:: Required work ::
Transcribe everything in the listing as written, and let no image into the copy.

---- Data

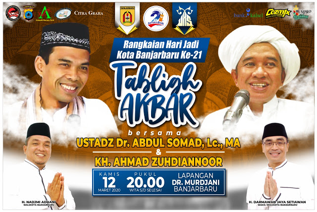 HEADLINE9.BANJARBARU – Lapangan Dr Murdjani Banjarbaru, Kalimantan Selatan pada Kamis (12/3/2020) malam, diprediksi akan membludak orang. Karena di hari itu, akan digelar tablig akbar. Ustaz Abdul Somad, kondang dipanggil UAS didaulat sebagai penyampai tausiah. Tak sendiri, UAS direncanakan akan tandem dengan KH Ahmad Zuhdianoor, kerap disapa Guru Zuhdi.
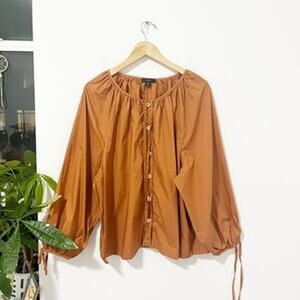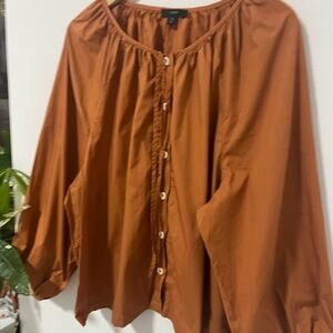 J. Crew Burnt Orange Button Front Poplin Long Sleeve Top Orange Size 3X. Excellent condition, like new. Rust brown/orange color. Button closure. Relaxed fit. Flowy sleeves with tie detail.
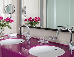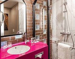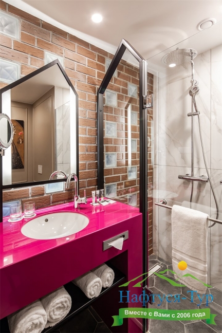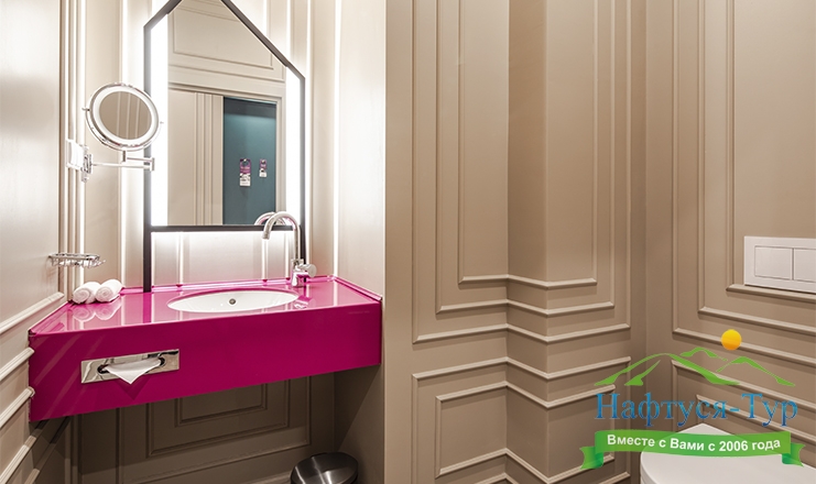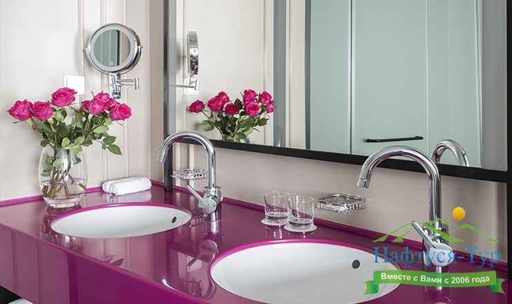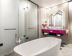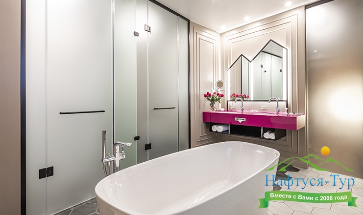 с ванной, с душем, тапочки, туалетные принадлежности, фен, халат

--------

:: Exercise answer ::
 HEADLINE9.BANJARBARU – Lapangan Dr Murdjani Banjarbaru, Kalimantan Selatan pada Kamis (12/3/2020) malam, diprediksi akan membludak orang. Karena di hari itu, akan digelar tablig akbar. Ustaz Abdul Somad, kondang dipanggil UAS didaulat sebagai penyampai tausiah. Tak sendiri, UAS direncanakan akan tandem dengan KH Ahmad Zuhdianoor, kerap disapa Guru Zuhdi.
 J. Crew Burnt Orange Button Front Poplin Long Sleeve Top Orange Size 3X. Excellent condition, like new. Rust brown/orange color. Button closure. Relaxed fit. Flowy sleeves with tie detail.
 с ванной, с душем, тапочки, туалетные принадлежности, фен, халат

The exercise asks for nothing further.